Working data.
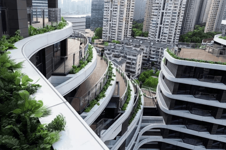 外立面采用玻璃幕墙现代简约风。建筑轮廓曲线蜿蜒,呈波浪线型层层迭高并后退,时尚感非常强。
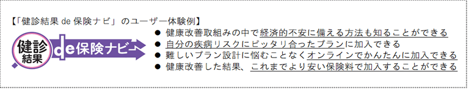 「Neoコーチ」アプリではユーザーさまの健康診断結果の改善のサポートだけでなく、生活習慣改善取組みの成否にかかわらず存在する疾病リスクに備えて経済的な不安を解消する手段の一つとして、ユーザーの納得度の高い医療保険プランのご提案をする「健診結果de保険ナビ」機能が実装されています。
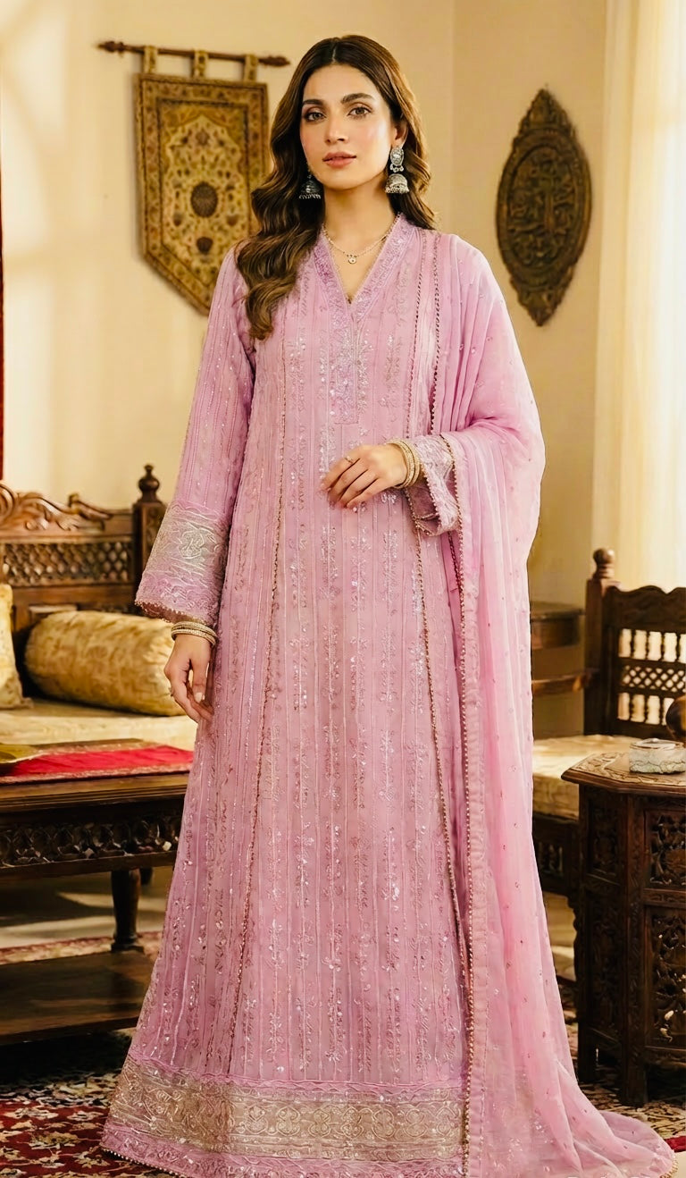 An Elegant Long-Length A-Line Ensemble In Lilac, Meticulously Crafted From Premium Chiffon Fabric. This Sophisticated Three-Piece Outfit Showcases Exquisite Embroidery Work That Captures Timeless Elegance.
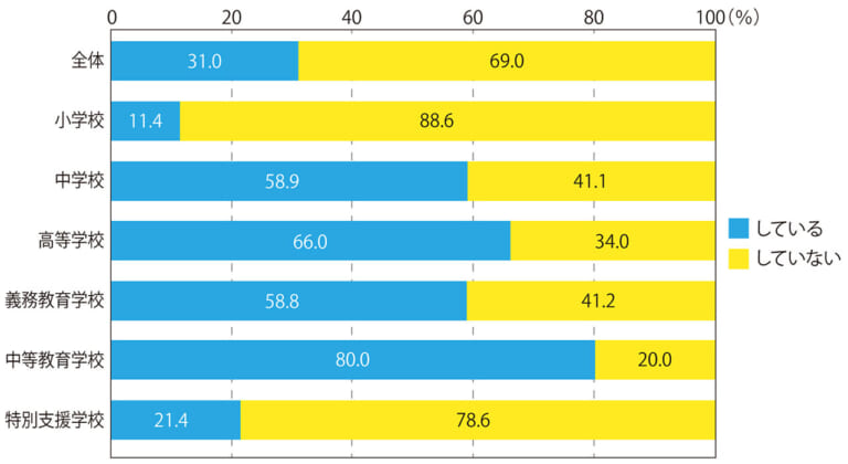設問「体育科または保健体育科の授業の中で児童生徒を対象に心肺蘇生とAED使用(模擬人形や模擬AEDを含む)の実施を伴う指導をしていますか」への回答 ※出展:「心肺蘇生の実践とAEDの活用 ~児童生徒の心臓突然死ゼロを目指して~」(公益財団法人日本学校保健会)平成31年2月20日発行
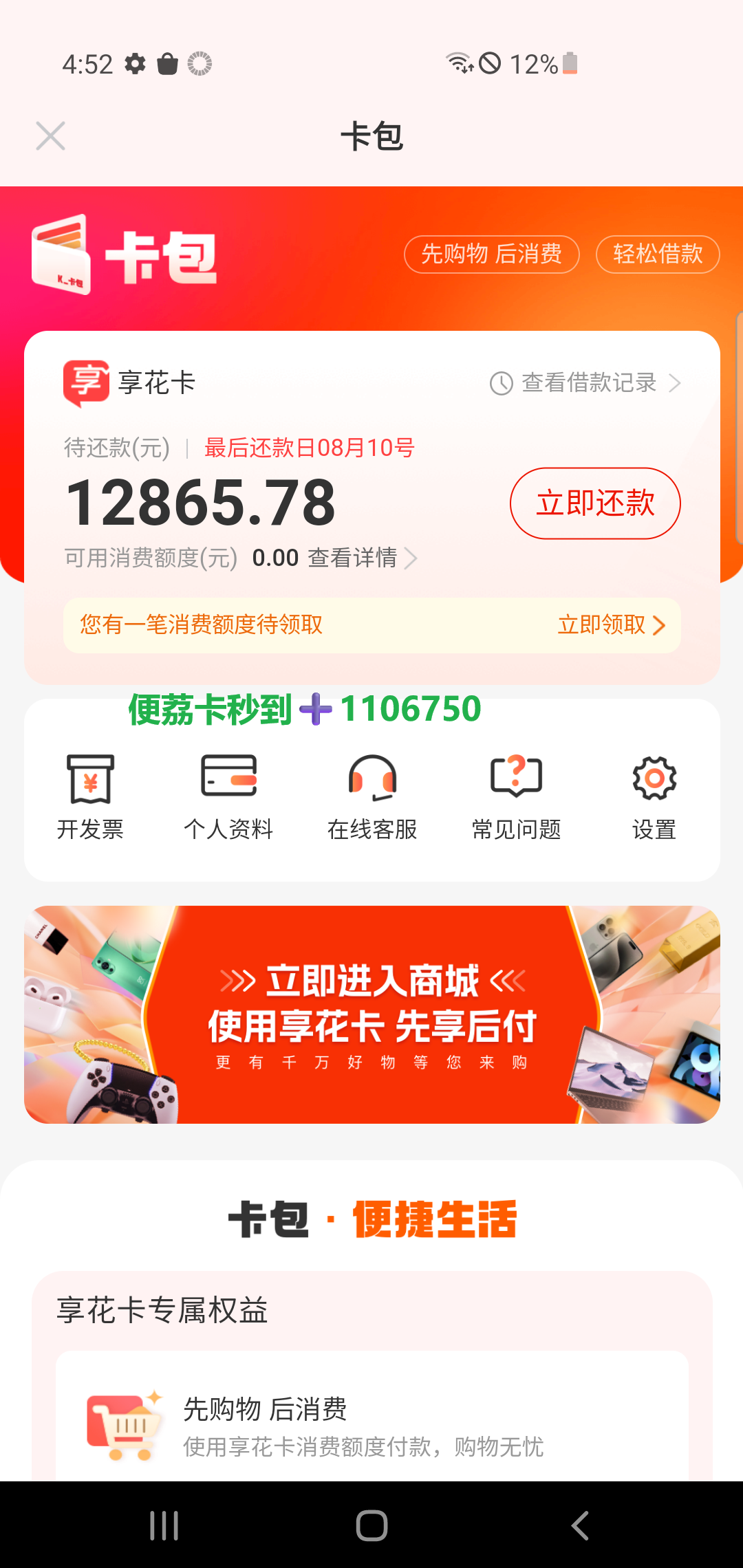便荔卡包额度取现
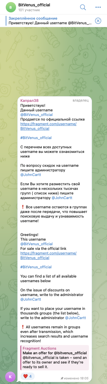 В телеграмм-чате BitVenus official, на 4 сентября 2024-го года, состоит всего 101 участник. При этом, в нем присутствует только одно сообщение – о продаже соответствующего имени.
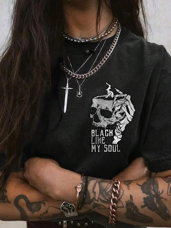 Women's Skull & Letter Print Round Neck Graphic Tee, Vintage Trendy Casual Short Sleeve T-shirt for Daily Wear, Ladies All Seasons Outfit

...

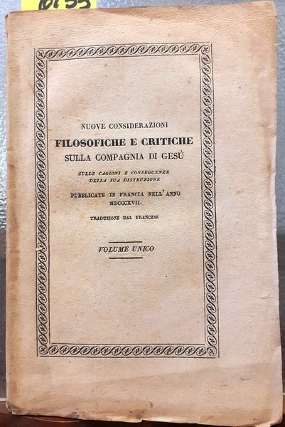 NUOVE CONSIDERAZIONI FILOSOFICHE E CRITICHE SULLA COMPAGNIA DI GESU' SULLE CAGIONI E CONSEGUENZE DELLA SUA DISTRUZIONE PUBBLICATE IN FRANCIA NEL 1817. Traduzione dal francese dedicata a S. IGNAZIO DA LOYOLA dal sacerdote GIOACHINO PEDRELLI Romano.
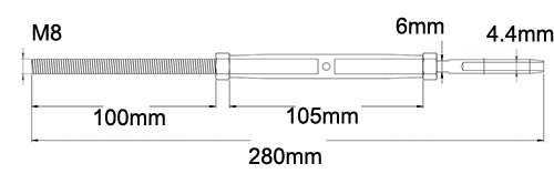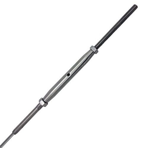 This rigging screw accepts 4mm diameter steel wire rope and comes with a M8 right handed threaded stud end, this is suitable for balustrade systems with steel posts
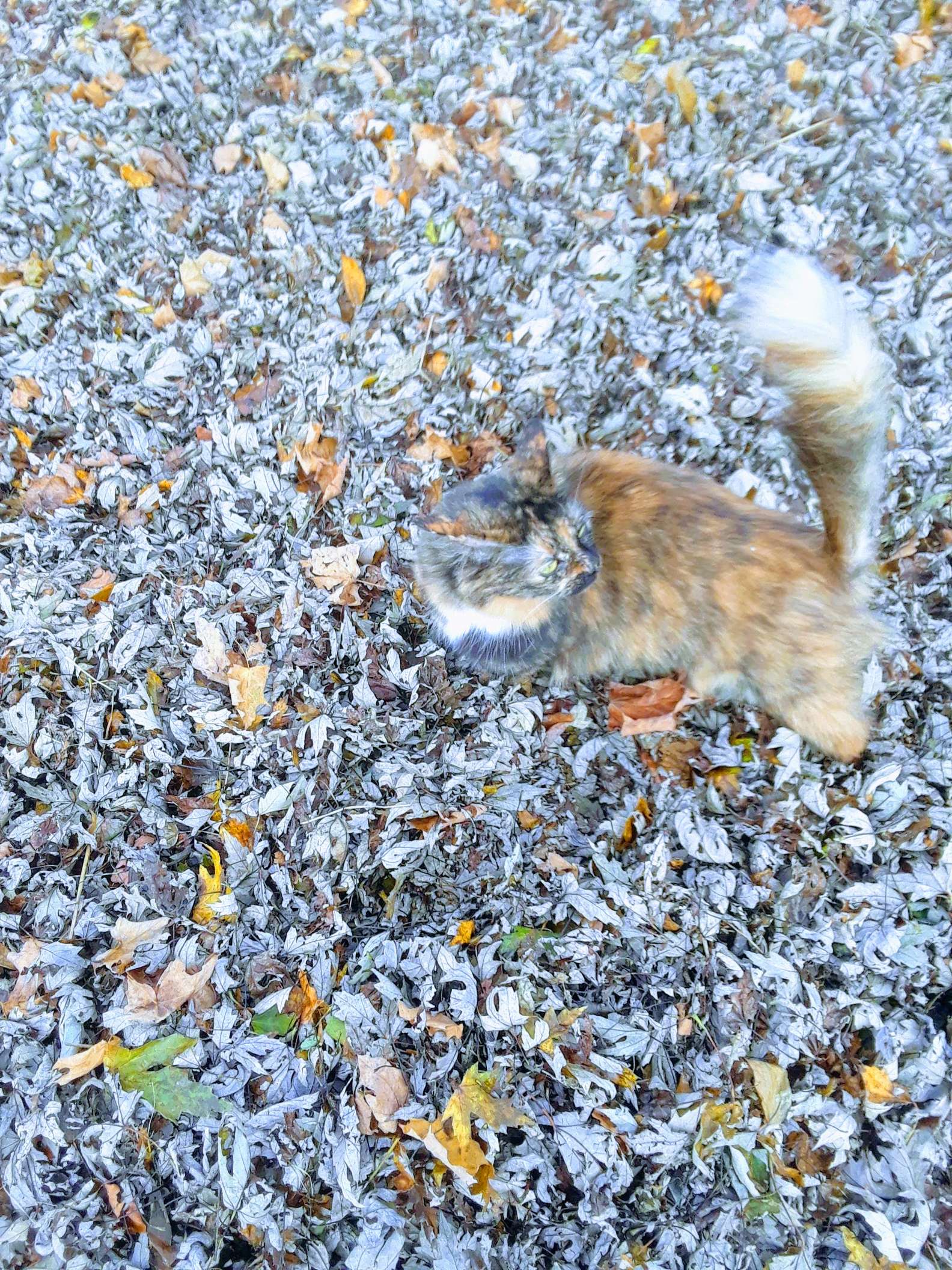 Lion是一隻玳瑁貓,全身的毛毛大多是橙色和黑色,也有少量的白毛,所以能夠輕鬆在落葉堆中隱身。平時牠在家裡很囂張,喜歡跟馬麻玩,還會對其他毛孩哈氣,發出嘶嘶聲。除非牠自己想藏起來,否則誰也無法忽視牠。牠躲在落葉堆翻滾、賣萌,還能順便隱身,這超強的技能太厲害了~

---

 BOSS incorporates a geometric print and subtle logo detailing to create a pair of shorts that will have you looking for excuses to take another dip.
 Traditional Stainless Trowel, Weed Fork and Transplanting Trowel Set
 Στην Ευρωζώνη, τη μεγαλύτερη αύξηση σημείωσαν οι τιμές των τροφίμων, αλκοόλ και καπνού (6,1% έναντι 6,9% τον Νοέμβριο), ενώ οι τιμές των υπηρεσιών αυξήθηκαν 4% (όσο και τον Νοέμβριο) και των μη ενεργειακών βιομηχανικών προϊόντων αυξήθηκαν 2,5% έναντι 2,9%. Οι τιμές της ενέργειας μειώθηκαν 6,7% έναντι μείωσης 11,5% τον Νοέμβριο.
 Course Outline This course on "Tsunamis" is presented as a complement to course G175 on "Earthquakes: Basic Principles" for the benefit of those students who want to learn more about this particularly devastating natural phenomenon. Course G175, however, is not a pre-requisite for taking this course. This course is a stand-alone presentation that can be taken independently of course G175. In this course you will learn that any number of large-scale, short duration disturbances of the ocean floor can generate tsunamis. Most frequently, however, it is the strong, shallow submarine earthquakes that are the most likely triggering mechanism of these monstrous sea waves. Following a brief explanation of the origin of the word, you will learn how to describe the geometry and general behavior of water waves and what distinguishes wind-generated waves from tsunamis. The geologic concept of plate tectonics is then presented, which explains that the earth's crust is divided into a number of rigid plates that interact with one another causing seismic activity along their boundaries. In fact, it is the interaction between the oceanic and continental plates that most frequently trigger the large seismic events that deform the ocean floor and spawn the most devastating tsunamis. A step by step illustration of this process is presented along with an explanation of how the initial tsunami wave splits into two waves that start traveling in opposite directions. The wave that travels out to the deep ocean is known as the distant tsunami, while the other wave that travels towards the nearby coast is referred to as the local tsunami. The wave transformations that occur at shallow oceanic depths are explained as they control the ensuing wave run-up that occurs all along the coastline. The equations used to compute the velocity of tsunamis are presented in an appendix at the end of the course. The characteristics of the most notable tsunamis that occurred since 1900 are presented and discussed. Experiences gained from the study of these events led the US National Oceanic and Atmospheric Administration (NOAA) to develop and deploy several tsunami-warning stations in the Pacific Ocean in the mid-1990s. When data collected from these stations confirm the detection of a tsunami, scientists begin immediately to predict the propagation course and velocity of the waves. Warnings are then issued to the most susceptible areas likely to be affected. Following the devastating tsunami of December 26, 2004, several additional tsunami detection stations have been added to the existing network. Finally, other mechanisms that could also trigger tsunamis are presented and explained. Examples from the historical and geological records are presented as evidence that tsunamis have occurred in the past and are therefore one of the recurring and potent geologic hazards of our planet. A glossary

Work to complete. Print nothing but the lines above starting with the line that contains "В телеграмм-чате BitVenus" and going on through the line that contains "Women's Skull &". Leave out the pictures.

Solved exercise.
 В телеграмм-чате BitVenus official, на 4 сентября 2024-го года, состоит всего 101 участник. При этом, в нем присутствует только одно сообщение – о продаже соответствующего имени.
 Women's Skull & Letter Print Round Neck Graphic Tee, Vintage Trendy Casual Short Sleeve T-shirt for Daily Wear, Ladies All Seasons Outfit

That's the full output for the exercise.